▶ _DATA PROVIDED_
# # #

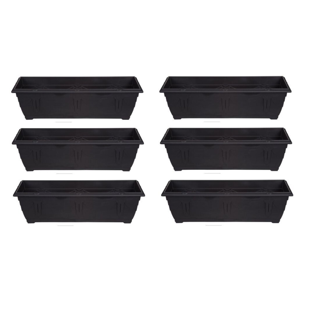 6 Black Venetian Patio Trough Planter Large Plastic Garden Pot 60cm
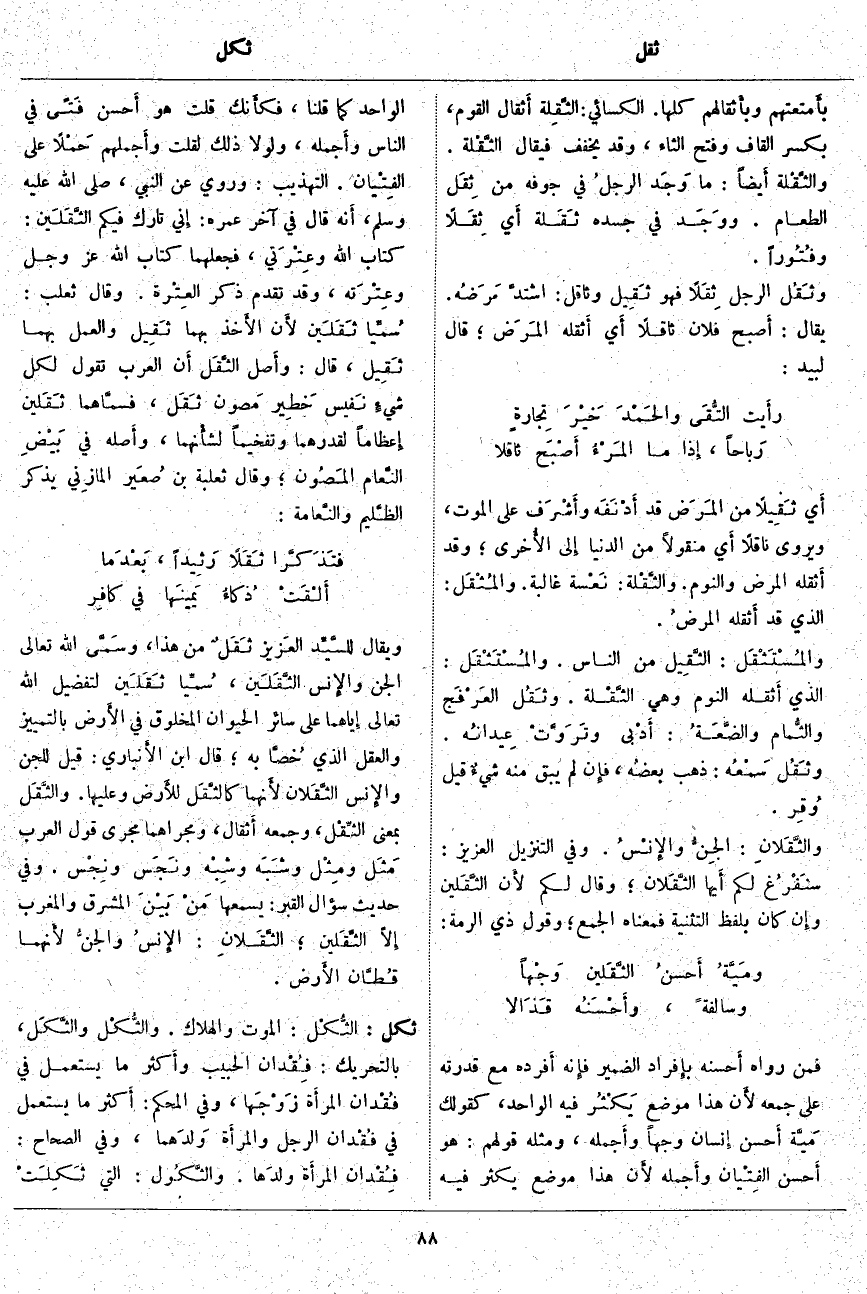 ثكل: الثُّكْل: الْمَوْتُ وَالْهَلَاكُ. والثُّكْل والثَّكَل، بِالتَّحْرِيكِ: فِقْدان [فُقْدان] الْحَبِيبِ وأَكثر مَا يُسْتَعْمَلُ فِي فُقْدان المرأَة زَوْجَها، وَفِي الْمُحْكَمِ: أَكثر مَا يُسْتَعْمَلُ فِي فُقْدان الرَّجُلِ والمرأَة وَلدَهما، وَفِي الصحاح: فِقْدان [فُقْدان] المرأَة ولدَها. والثَّكُول: الَّتِي ثَكِلَتْ
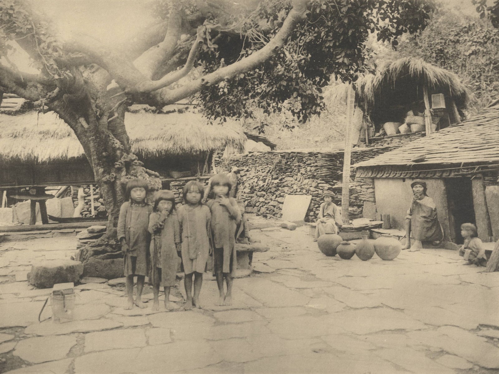 拉瓦爾群囗社頭目住宅。院子中央有一棵榕樹。所有頭目的家屋前,都種有榕樹,表示頭目所在的象徵。頭目主司祭祀,他們相信祭祀時祖靈即降臨,此樹,故榕樹是宗敎儀式上所必須的。住宅的屋頂及牆壁皆用板岩石板,院子地上也鋪石板,屋簷下的橫木上雕有人面者為頭目家系的象徵。放在院子地板上的陶器,是從古代傳下來的家寶。左後方的建築物是穀倉,站在中央的是該社的小孩。

# # #

▶ _TASK REQUIREMENTS_
Output the material word for word, and keep the pictures out.

▶ _YOUR RESPONSE_
 6 Black Venetian Patio Trough Planter Large Plastic Garden Pot 60cm
 ثكل: الثُّكْل: الْمَوْتُ وَالْهَلَاكُ. والثُّكْل والثَّكَل، بِالتَّحْرِيكِ: فِقْدان [فُقْدان] الْحَبِيبِ وأَكثر مَا يُسْتَعْمَلُ فِي فُقْدان المرأَة زَوْجَها، وَفِي الْمُحْكَمِ: أَكثر مَا يُسْتَعْمَلُ فِي فُقْدان الرَّجُلِ والمرأَة وَلدَهما، وَفِي الصحاح: فِقْدان [فُقْدان] المرأَة ولدَها. والثَّكُول: الَّتِي ثَكِلَتْ
 拉瓦爾群囗社頭目住宅。院子中央有一棵榕樹。所有頭目的家屋前,都種有榕樹,表示頭目所在的象徵。頭目主司祭祀,他們相信祭祀時祖靈即降臨,此樹,故榕樹是宗敎儀式上所必須的。住宅的屋頂及牆壁皆用板岩石板,院子地上也鋪石板,屋簷下的橫木上雕有人面者為頭目家系的象徵。放在院子地板上的陶器,是從古代傳下來的家寶。左後方的建築物是穀倉,站在中央的是該社的小孩。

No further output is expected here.